Task to complete
Give again, word for word, each line below starting at the one that contains "Την Τρίτη 26" and ending at the one that contains "- Рассказываем все".

Data listing
════
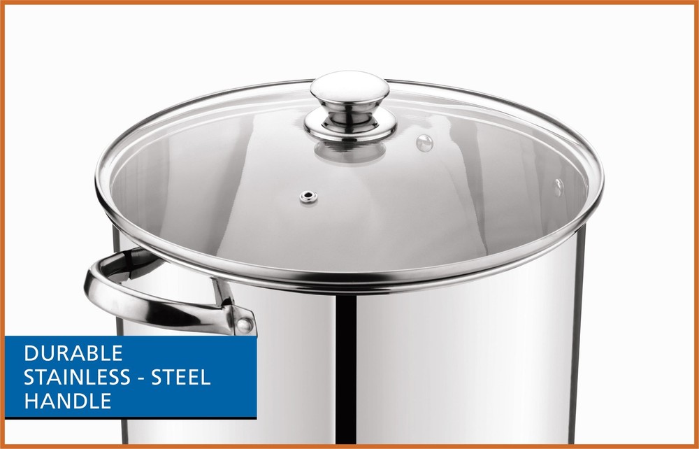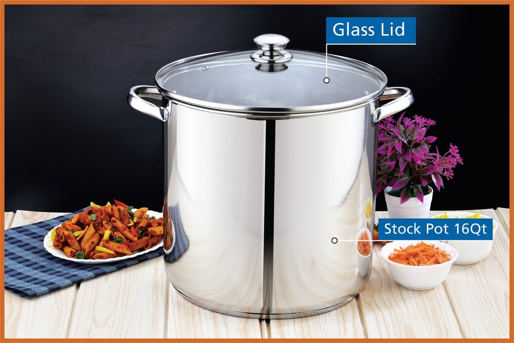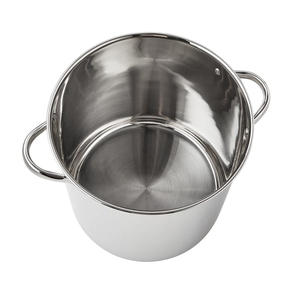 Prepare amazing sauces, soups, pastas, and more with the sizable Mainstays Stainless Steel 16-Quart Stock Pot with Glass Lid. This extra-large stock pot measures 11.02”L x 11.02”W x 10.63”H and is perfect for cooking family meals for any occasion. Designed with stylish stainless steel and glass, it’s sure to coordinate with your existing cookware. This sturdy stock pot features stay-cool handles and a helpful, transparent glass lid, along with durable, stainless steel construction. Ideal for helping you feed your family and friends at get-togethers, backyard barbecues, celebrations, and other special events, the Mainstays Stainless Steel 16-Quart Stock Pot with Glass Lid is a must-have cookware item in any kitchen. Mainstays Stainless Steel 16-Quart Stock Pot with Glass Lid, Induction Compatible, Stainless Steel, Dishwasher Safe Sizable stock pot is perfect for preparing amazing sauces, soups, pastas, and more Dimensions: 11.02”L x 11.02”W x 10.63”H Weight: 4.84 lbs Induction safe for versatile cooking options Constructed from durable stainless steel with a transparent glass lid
════
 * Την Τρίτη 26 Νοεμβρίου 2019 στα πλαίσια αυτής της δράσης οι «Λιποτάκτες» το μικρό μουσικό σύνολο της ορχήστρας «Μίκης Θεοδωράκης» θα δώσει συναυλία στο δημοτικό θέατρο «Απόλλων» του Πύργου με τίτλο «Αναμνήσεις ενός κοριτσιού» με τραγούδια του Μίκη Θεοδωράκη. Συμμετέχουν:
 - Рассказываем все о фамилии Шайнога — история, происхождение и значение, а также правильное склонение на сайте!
════
Expected answer
 * Την Τρίτη 26 Νοεμβρίου 2019 στα πλαίσια αυτής της δράσης οι «Λιποτάκτες» το μικρό μουσικό σύνολο της ορχήστρας «Μίκης Θεοδωράκης» θα δώσει συναυλία στο δημοτικό θέατρο «Απόλλων» του Πύργου με τίτλο «Αναμνήσεις ενός κοριτσιού» με τραγούδια του Μίκη Θεοδωράκη. Συμμετέχουν:
 - Рассказываем все о фамилии Шайнога — история, происхождение и значение, а также правильное склонение на сайте!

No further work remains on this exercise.